Why is there a runaway greenhouse effect on planet Venus?

The runaway greenhouse effect on Venus can be blamed on carbon dioxide/CO2, which constitutes for about 96% of the planet’s atmosphere. The 250 kilometers thick and gaseous envelope of this peculiar planet has enough carbon dioxide to fill more than 1 billion fire extinguishers. Composed of molecules that have one atom of carbon and two atoms of oxygen, carbon dioxide is a relatively strong greenhouse gas, while nitrogen, which is the most abundant molecule in the Earth’s atmosphere, is not. However, the abundance of carbon dioxide on Venus does not mean that, as a whole, it is richer in CO2 than the planet Earth. The carbon dioxide found in the Earth’s atmosphere has largely been consumed or even removed by various plants or locked up in deposits of limestone. Since Venus is considered an inhabitable planet, it doesn’t have any plants that can consume carbon dioxide.

Moving around the Sun to perform a revolution at an average distance of 108.2 million kilometers, the planet Venus is a truly smoldering greenhouse, where no astronaut or any other living being would survive in its hellish environment.

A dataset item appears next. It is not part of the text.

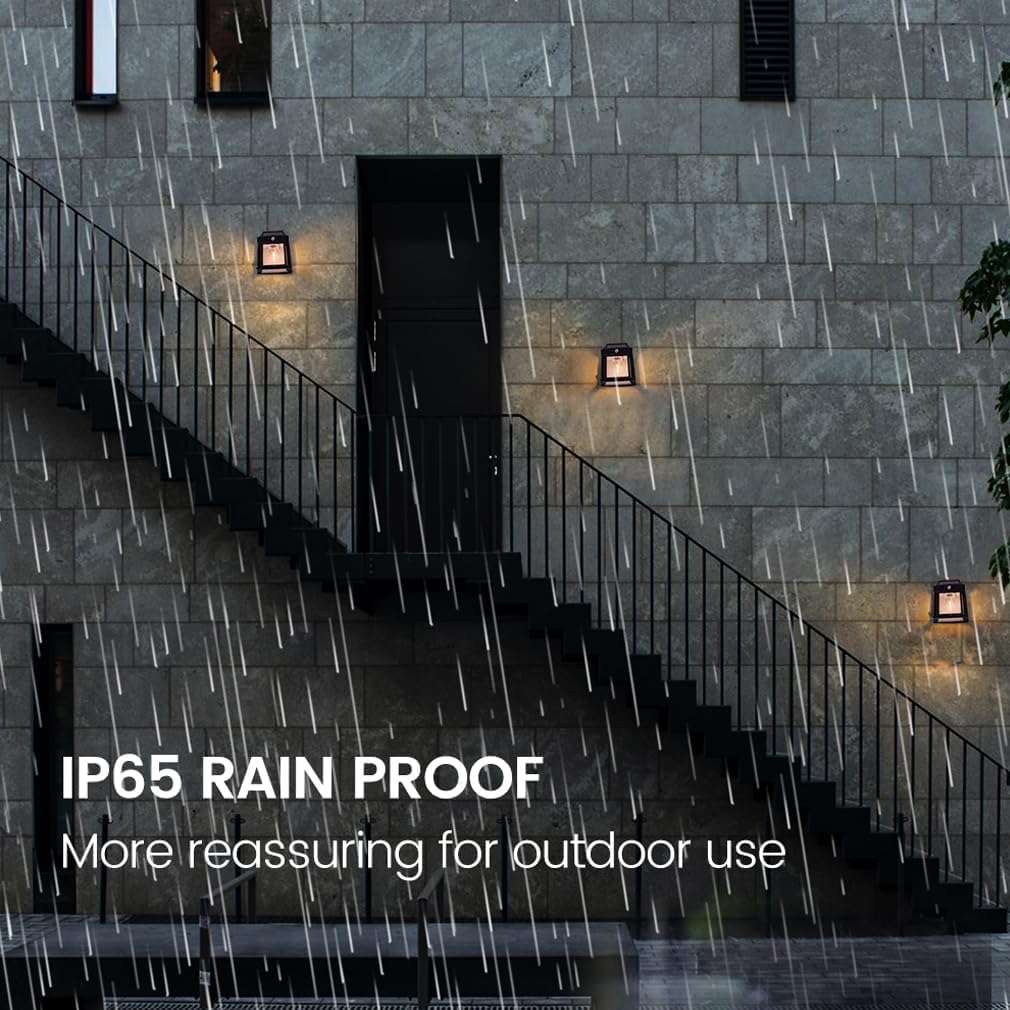 - 【IP65 Waterproof】 GORLDE solar lights outdoor has a new ABS plastic casing, the solar panel and the casing are perfectly matched, the rainwater will flow into the inner water groove of the casing along the solar panel and flow out through the small hole at the bottom, reaching IP65 waterproof; the solar outdoor light can work normally at -5~70℃, specifically designed to withstand extreme weather conditions resistant rain snow, provide additional safety and security for your home.

At 470 degrees Celsius, the surface temperature of Venus is usually more than enough to melt lead and even has 100 degrees left over to make any form of steel hot. At an altitude of about 49 kilometers, where the dense clouds on the planet begin to form, the temperature drops to only 70 degrees Celsius. However, at about 68 kilometers above Venus, the temperature drops drastically to nearly 0º Celsius, which is quite strange considering the entirety of the planet is considered hot.

It was during the 1960s when earthbound radars indicated and calculated the piping hot Venusian environment, although there were many scientists who were skeptical about the planet’s temperature at that time. The result, however, was verified with the help of the increasingly sophisticated Venus space probes launched a decade later. The planet Venus, it turns out, is a greenhouse planet that doesn’t have a keeper to maintain balance in its composition, and it could also be said that its thermostat has broken down long in its past. Because of how the planet is so close to the Sun, the sunlight it receives comes in as short-wave radiation that heats up Venus’ atmosphere as well as its surface, although the heat is usually trapped within the planet (see the diagram above). Very little of the heat that it gets from the Sun is reflected, and the heat that it reflects is turned in the form of long-wave infrared that escapes through the dense atmosphere of carbon dioxide.

The process where heat cannot escape the planet and forces its atmosphere to remain hot has been called the runaway greenhouse effect, which somehow continues to operate without being regulated by any balances or systems. It is a self-feeding machine that requires no further input of CO2 to keep going. In the present time, our own planet seems to be heading for a similar disaster wherein the temperature wouldn’t cool down. Unless we immediately put an end to excessive carbon dioxide emissions, the Earth will eventually go the way Venus went in the past.

Why is Venus hotter than Mercury?

Our science class would often tell you that Venus is the hottest planet on the solar system; however, Mercury is the nearest on to the Sun, so why is Venus still hotter? The answer to that particular question lies in the runaway greenhouse effect, as most of the heat that Venus gets from the Sun cannot escape. Mercury does not have a runaway greenhouse effect, mainly because its atmosphere doesn’t have carbon dioxide, which absorbs heat and infrared gases. The runaway greenhouse effect on Venus creates a sulfuric acid haze above its surface, and the haze is what traps the heat on the planet. However, scientists believed that Venus wasn’t the hottest planet millions of years ago, and it is theorized that the planet had the same temperature as today’s Earth. As the Sun became bigger and bigger, the sunlight and heat energy that it provides for the planets nearer to it is becoming too much for both Mercury and Venus to control, hence the reason why it has become an uninhabitable planet in the past.